Although there is no built-in crawler for Solr, there is a loose integration between the Nutch crawler and Solr. Currently, this integration is implemented as a patch for the Nutch code base. In order to use it, you must build Nutch from scratch and apply patches. In the open source community this is seen as no big deal. It is not a big deal for open source Java geeks, so if you are one of those, right on! To me, it’s kind of a pain in the neck, and it’s one side of the double-edged sword that is open source software.
Click here to download your Free PDF
(including additional illustrations)
Bells, Whistles, and Spangles
Solr is a big step toward true enterprise search, but it’s not quite there yet. If you are expecting a complete out-ofbox experience for indexing and searching your enterprise, then look elsewhere.While Lucene, Nutch,and Solr are quite sophisticated and are not much more difficult to install than equivalent closed source software, you sometimes may have to dive into the arcane world of tools like Subversion, Ant, Maven, and Eclipse to make your own build of the software. This can be daunting even for grizzled veterans since there are a lot of different ways to do it, and all the open source guys (yes,they are mostly guys) have their own idea of what constitutes a good build environment.
One thing you can do is index and search a huge number of documents into Solr.The theoretical limit is the size of a big integer, about 2 billion documents.That’s a lot, even for commercial engines. Of course, if you are really thinking of indexing that many documents, you should consider Nutch rather than Solr. Nutch is more suited to web-scale applications than enterprise-scale applications.
While I’ve not personally tried to index and search that many documents, the confident chatter on the message boards is that 30 million documents is a walk in the park for Solr.You probably don’t have 30 million documents to index, but it is comforting to know that you could.
In the Schema Things
As I mentioned before, Lucene is a low-level library. All informationin Lucene is stored as text even if the values could be interpreted as integers, floating points, dates, or even custom data types. It lacks any kind of schema. This means you can’t do arithmetic comparisons, numeric range searches, or date-parameter searches—which can seriously limit the effectiveness of search in the enterprise.
Solr enhances Lucene by adding sophisticated schema support. Not only does this schema support common data types, but you can also define your own custom data types, as well as dynamic fields whose names match a specific pattern. For example, you can designate all fields that end with *s to be treated as string fields.This gives you some flexibility if you don’t know the types of all of the fields that are being added to the index beforehand, yet you still want to represent different fields in different ways.
Configuration in Solr is handled by a schema configuration XML file, which allows you to specify advanced Lucene analyzers for each field type. You can also specify things like stemming, lemmatization, synonyms, stop-word lists, and sounds-like filters in the configuration file.
Solr supports "keyword in context" results highlighting, advanced query caching, and index replication and integration with the Luke index analyzer toolkit. It has a nifty feature called "copy fields" which allows you to treat the same incoming data in different ways for different purposes. You will find all of these features in the best commercial software packages in varying mixes. It is surprising to see such a complete set of features this early in the release cycle of an open source software project.
Licensed to Drive
Technology isn’t the only difference between open source and vendor-based solutions. Remember—open source is not public domain. One of the practical problems for any organization considering the use of open source software is the particular requirements of a given open source license. The Apache Software License, for example, is fairly liberal. Other licenses, like the BSD license or the GNU Public License (GPL), have some pretty significant strings attached, and they may have licensing fees that rival those of commercial licenses for commercial use. Solr and Lucene are under the Apache Software License version 2.0. At this point, my utter lack of lawyerly credentials compels me to point you to the Apache website for the actual text of the license (www.apache.org/licenses/LICENSE-2.0).
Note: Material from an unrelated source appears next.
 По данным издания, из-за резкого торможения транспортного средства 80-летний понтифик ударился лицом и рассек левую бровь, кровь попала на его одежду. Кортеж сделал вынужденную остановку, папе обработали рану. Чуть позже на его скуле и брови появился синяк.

Any software that you consider using for any significant project should be vetted through your legal and purchasing departments. So be careful. Don’t assume that open source necessarily means free. That being said, there is something magical about the open source community getting together to build cool software without the benefit of endless marketing meetings and concerns about the bottom line. Some of the most talented software engineers in the world are involved in writing open source software. The Apache Software Foundation,which hosts Lucene, Solr, and Nutch, is particularly well-regarded in the open source community. The Apache web server is still the dominant server on the web, with more than 50% market share as of September 2007. It has held that spot since 1996.
Who to Sue
Say you are a giant company. You spend hundreds of thousands of clams on a proprietary search solution from a commercial vendor.You have all kinds of contracts, and your lawyers have met with their lawyers. Maybe your CTOhas been golfing with their sales manager.
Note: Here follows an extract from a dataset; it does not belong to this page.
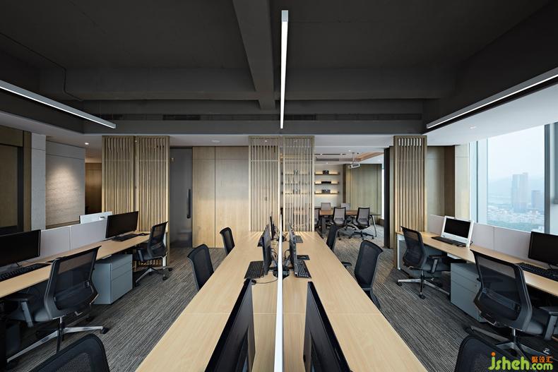 原木色格柵隔斷門虛實掩映,開合之間,透露靈秀。辦公桌利用白色板塊劃分各部門,塑造開放性與私密性,鼓勵員工們在舒適自然的氛圍中研究與討論,從而激發(fā)更多的靈感。

Unfortunately, the software doesn’t quite live up to yourexpectations. They told you it was easy to set up. It isn’t. It crashes all thetime, and you can’t for the life of you sort out why a search for "toilet plunger" returns your corporate homepage.
You really need to talk to the surly guy with the neck beard who wrote the software. Sadly, a phalanx of scrip treading gatekeepers keeps asking you for your "site ID" and telling you to try a reinstall and reboot.
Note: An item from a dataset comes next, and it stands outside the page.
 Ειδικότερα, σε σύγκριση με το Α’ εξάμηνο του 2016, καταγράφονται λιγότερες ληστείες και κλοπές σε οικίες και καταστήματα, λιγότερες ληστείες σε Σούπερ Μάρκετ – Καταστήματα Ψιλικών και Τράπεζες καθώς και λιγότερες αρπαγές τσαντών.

It probably won’t get to the point of a lawsuit—after all, your CEO hasn’t yet berated their CEO on the phone—but at least you have the threat of legal action and revenue reversals to get the vendor’s attention.
Not so with open source software. There is nobody to sue. There are no invoices to withhold. Which is all a big risk. Luckily, there are some features of open source software that mitigate this risk. It is "opensource" after all. You have complete access to the source code. If the software doesn’t do what you want it to do, you can fix it. More precisely, you can hire someone to fix it. Since it is open source, there are probably quite a few fervent hackers who would be happy to add a patch or fix that crash bug for a reasonable and customary fee.
Try wresting a peek at the source code to a commercial search application to figure out exactly why toilet plunger accuracy is so elusive. I’ll wait ...
So what about support? For active open source projects like Lucene, Solr, and Nutch, there are very active support mailing lists and fora. Often, you can post a question in the morning and one or more of the committers or contributors to the project will reply by the afternoon, if not immediately. This level of support is superior to what you often get with an annual maintenance contract for commercial software, and it is provided free of charge by people who love and develop the software.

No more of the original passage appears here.